*MATERIAL SUPPLIED*:
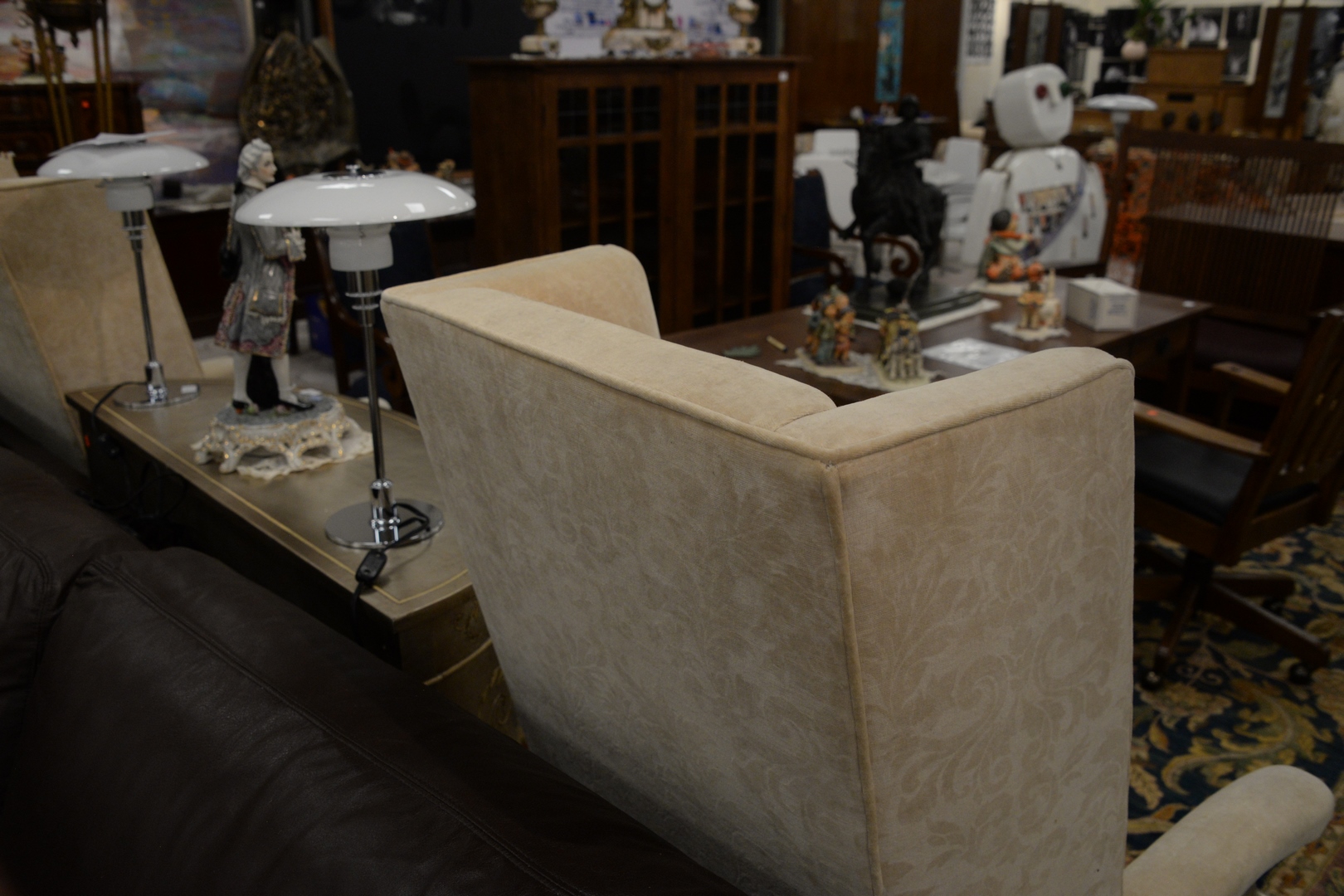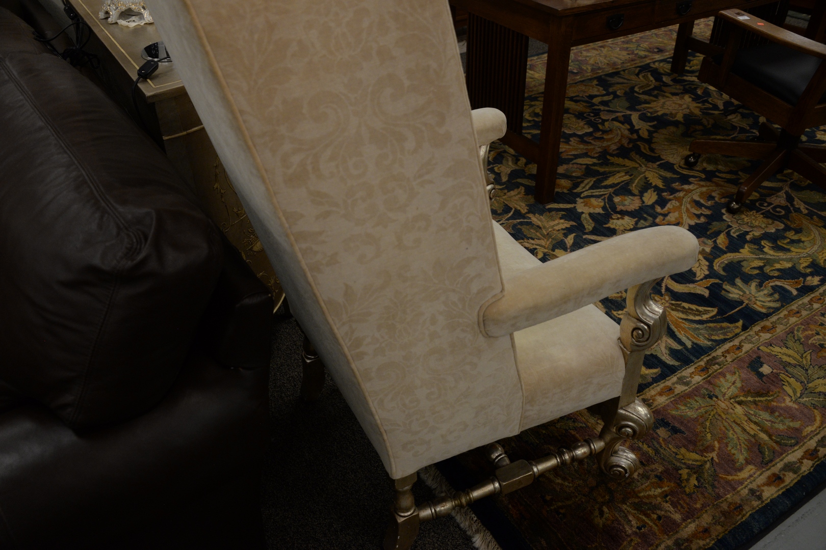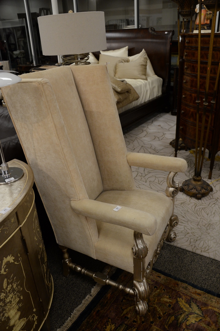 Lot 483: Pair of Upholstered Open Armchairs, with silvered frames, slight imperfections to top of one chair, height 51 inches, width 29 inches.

--

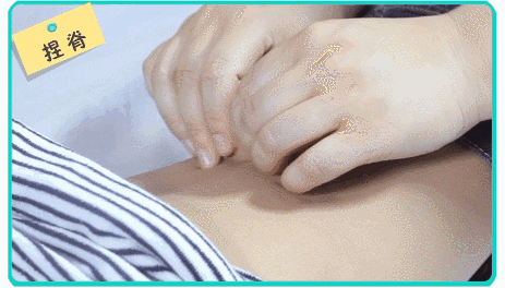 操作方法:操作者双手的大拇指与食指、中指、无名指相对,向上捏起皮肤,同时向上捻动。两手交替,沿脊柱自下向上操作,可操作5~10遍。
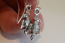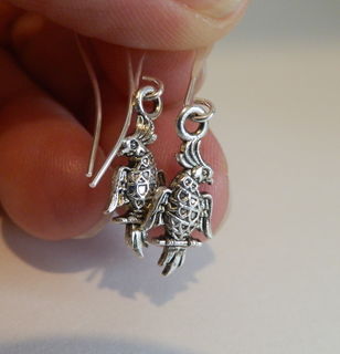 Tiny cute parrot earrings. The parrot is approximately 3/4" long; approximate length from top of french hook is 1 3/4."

* * *

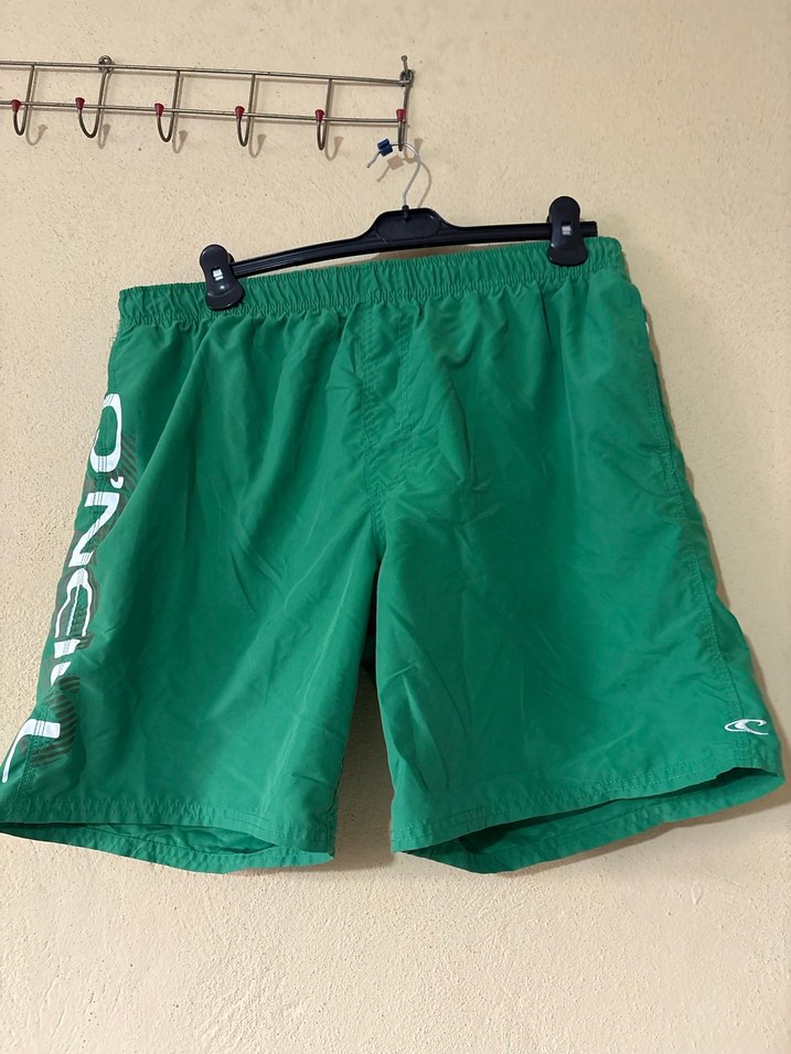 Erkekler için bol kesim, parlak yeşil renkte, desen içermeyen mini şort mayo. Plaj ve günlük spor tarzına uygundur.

*HOW TO COMPLETE THIS TASK*: Reproduce, word for word, only the lines in the records above from the line with "操作方法:操作者双手的大拇指" through the line with "Tiny cute parrot", including both ends; omit the pictures.

*ANSWER SPACE*:
 操作方法:操作者双手的大拇指与食指、中指、无名指相对,向上捏起皮肤,同时向上捻动。两手交替,沿脊柱自下向上操作,可操作5~10遍。
 Tiny cute parrot earrings. The parrot is approximately 3/4" long; approximate length from top of french hook is 1 3/4."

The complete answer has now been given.